# Are Aqua-Vu's worth the money?



## HeaVyMeTaLFiSHinGFiEnD (Oct 2, 2010)

Just looking to get some opinions from anyone that owns an aqua-vu or any other underwater camera. I've been tossing around the idea of buying one for the last couple years, but the price tag and mixed reviews have always kept me away. I know some of the newer models have recording features and infrared modes for lowlight/low- visibility situations.


----------



## Outasync (Mar 5, 2016)

Look at eyoyo cameras. Ive seen alot of good reviews and if u belong to iceshanty.com u can find the 10% off coupon so its around 130 for a 7 inch camera


----------



## creekcrawler (Oct 5, 2004)

Cameras are great, in the right conditions. Downright addicting actually. If the clarity isn't there though, stick with a graph. My older camera is getting tired, I'll have to check out those eyoyo's.


----------



## HeaVyMeTaLFiSHinGFiEnD (Oct 2, 2010)

creekcrawler said:


> Cameras are great, in the right conditions. Downright addicting actually. If the clarity isn't there though, stick with a graph. My older camera is getting tired, I'll have to check out those eyoyo's.
> View attachment 461676
> View attachment 461674
> View attachment 461675
> ...





creekcrawler said:


> Cameras are great, in the right conditions. Downright addicting actually. If the clarity isn't there though, stick with a graph. My older camera is getting tired, I'll have to check out those eyoyo's.
> View attachment 461676
> View attachment 461674
> View attachment 461675


that is badass


----------



## One guy and a boat (Aug 8, 2018)

I've been looking at the aqua-vu & marcum for Erie. The ones with 75' cables start around $600. I just wonder if the sunlight penetrates that depth enough.

Sent from my Pixel 3a XL using Tapatalk


----------



## miked913 (Feb 29, 2008)

While it's not ice fishing, this is the aqua vue for my Lowrance and perch at 63' down on erie.






























Sent from my SM-A205U using Tapatalk


----------



## dgfidler (Sep 22, 2014)

I think Mike posted one of the very few perch reports out of the central basin this year.

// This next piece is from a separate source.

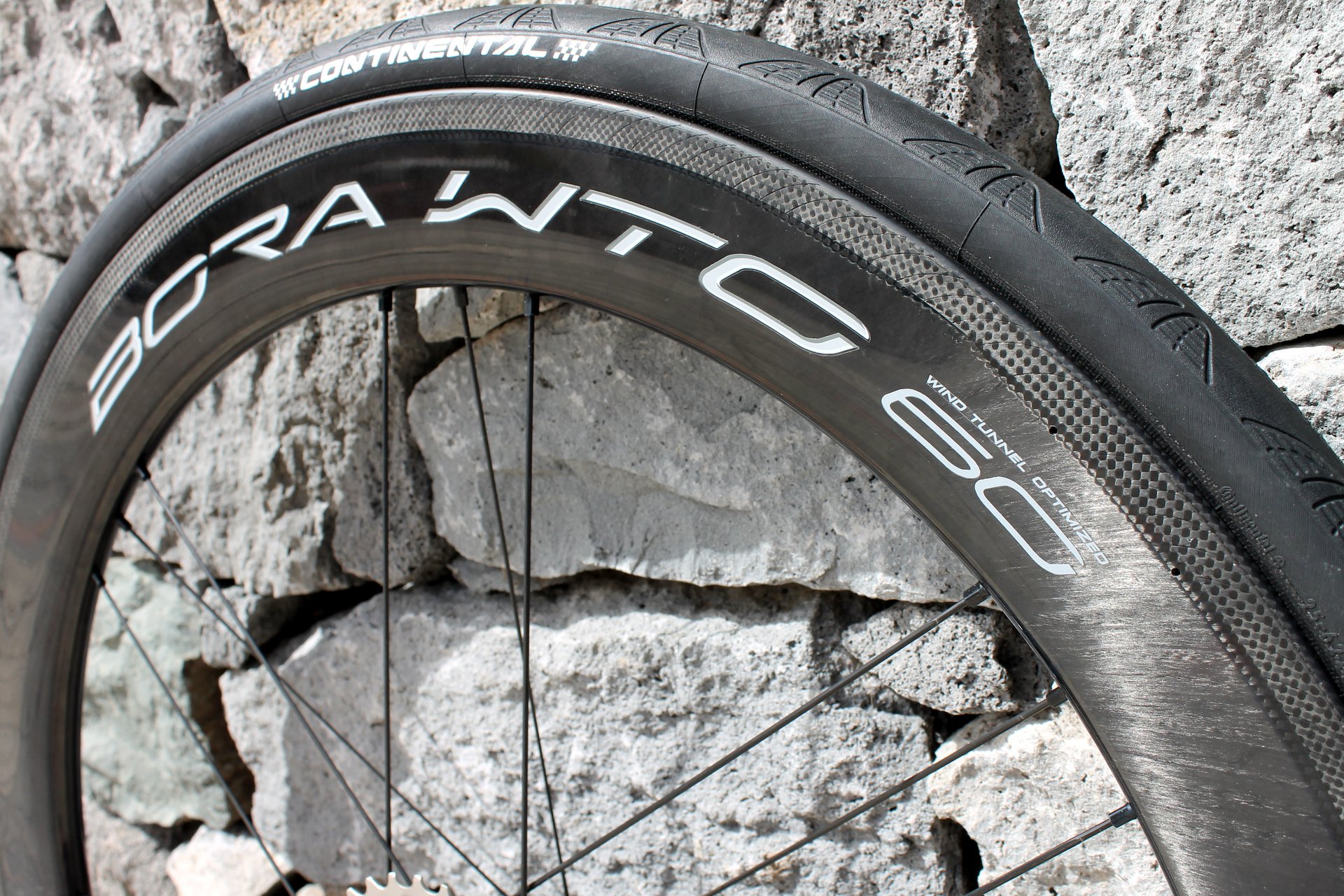 Of course, weight has been addressed, too. Thanks to a carbon inner construction with a unidirectional carbon ‘skin’ for added strength, the Bora 60 WTO wheelset weighs 670g and 880g front and rear, for a complete weight of 1,530g. The 77 WTO front wheels comes in at a claimed 745g. That’s competitive against rivals from Zipp, Hed and DT Swiss.

Looks like a foolproof way to verify the marks are actually yellow perch. 

A buddy of mine recently bought a Livescope and got on some ice two hours north of Toronto and took a very cool pair of images of a pike on both underwater camera and LiveScope











Sent from my iPhone using Tapatalk


----------



## CDUCK (Feb 7, 2012)

they have their place the clearer the water the better they work


----------



## creekcrawler (Oct 5, 2004)

Had mine out in the summer past the crib - could see old anchors and lines on the bottom, plenty of light. If it's choppy though, it's kinda tough to keep the camera steady.


----------



## dgfidler (Sep 22, 2014)

Just setting the default picture back to Mike’s image










Sent from my iPhone using Tapatalk


----------



## DaleM (Apr 5, 2004)

Love mine,I just bought a new color aqua view this past fall for ice fishing here and in Upper Michigan. Yes they are quite additive but so much fun to watch the fish come around your bait.


----------



## chaunc (Apr 11, 2004)

I enjoy using mine but I’ve never used it deeper than 20 ft yet. Not as good as my bird tho. I can see the fish anywhere in the water column with the bird but it’s very limited to one specific area of the water column with the camera. Still fun to use tho.


----------



## sjwano (Sep 13, 2018)

Anyone tried a camera while trolling/for trolling? I've been thinking about trying it to verify what I think are walleye on erie vs. baitfish, white bass, perch, or sheephead. Wondering if it will work as well moving as they seem to do for ice fishing...


----------



## Buzzi (Jun 14, 2004)

My thoughts for what they are worth,
I had an old aqua-vu and liked it a lot. It got old and went the way of all flesh. Did without for a few years and bought a cheap Aqua-Vu. Saw it on display in the tank at Bass Pro. I thought it would be “good enough.” It wasn’t. First, it has to be darker than a sack of black cats before you can see much detail on the screen. I consoled myself by thinking it would still be great to use in a shanty for ice fishing. NOT. After about 10 minutes in cold water the camera gets too cold and quits transmitting. That being said: I’ve seen other people’s higher end versions of Aqua-vu and they are amazing. Their cameras work no matter how cold. So some day I’ll get a better one.
About trolling: a couple of years ago my wife bought me a “GOFISH” cam. It is wireless and records what it sees on an SD card. It can be hooked to a fishing line, downrigger cable, etc. 
It records and then, when retrieved, it is played back on an app on a phone or tablet. The image of course is not “real-time.” It is fun, but the extra step of replaying makes it a bit inconvenient. However, wrangling 30’ of tiny cord attached to an aqua-vu isn’t simple either. Plus- when I saw how some fish spun around and around like huge spinner blades after being hooked I felt a little guilty!
Those are my thoughts, for what they’re worth… (Apparently, we boomers love to end texts and posts with ….)


----------



## Deadeyedeek (Feb 12, 2014)

I use the Marcun micro and love it through ice. water clairity makes a difference. Sag Bay works great even at 26ft, if Erie ever freezes again, we will see how it works. dont really use vex much, its kinda cheating!


----------



## Frickster (Jan 1, 2015)

My take. Great for ice fishing and clear water. That being said not many lakes around northern ohio that meet that description. Only 2 come to mind, Lake Medina and Mogador. And like others have said you need to cover the screen to see the picture good, thus ice fishing in shanty is ideal. I tried Lake Erie and it works but need to be a calm day, otherwise you'll get sea sick watching the screen going up and down. Found few times I could use it on Erie. For ice fishing it can be a great tool to see what triggers the fish but on flip side very frustrating when you see fish just looking at your lure and not doing anything. I've seen 4 perch looking at my jig at once, nothing sader then that. lol
Good Luck,
Frickster


----------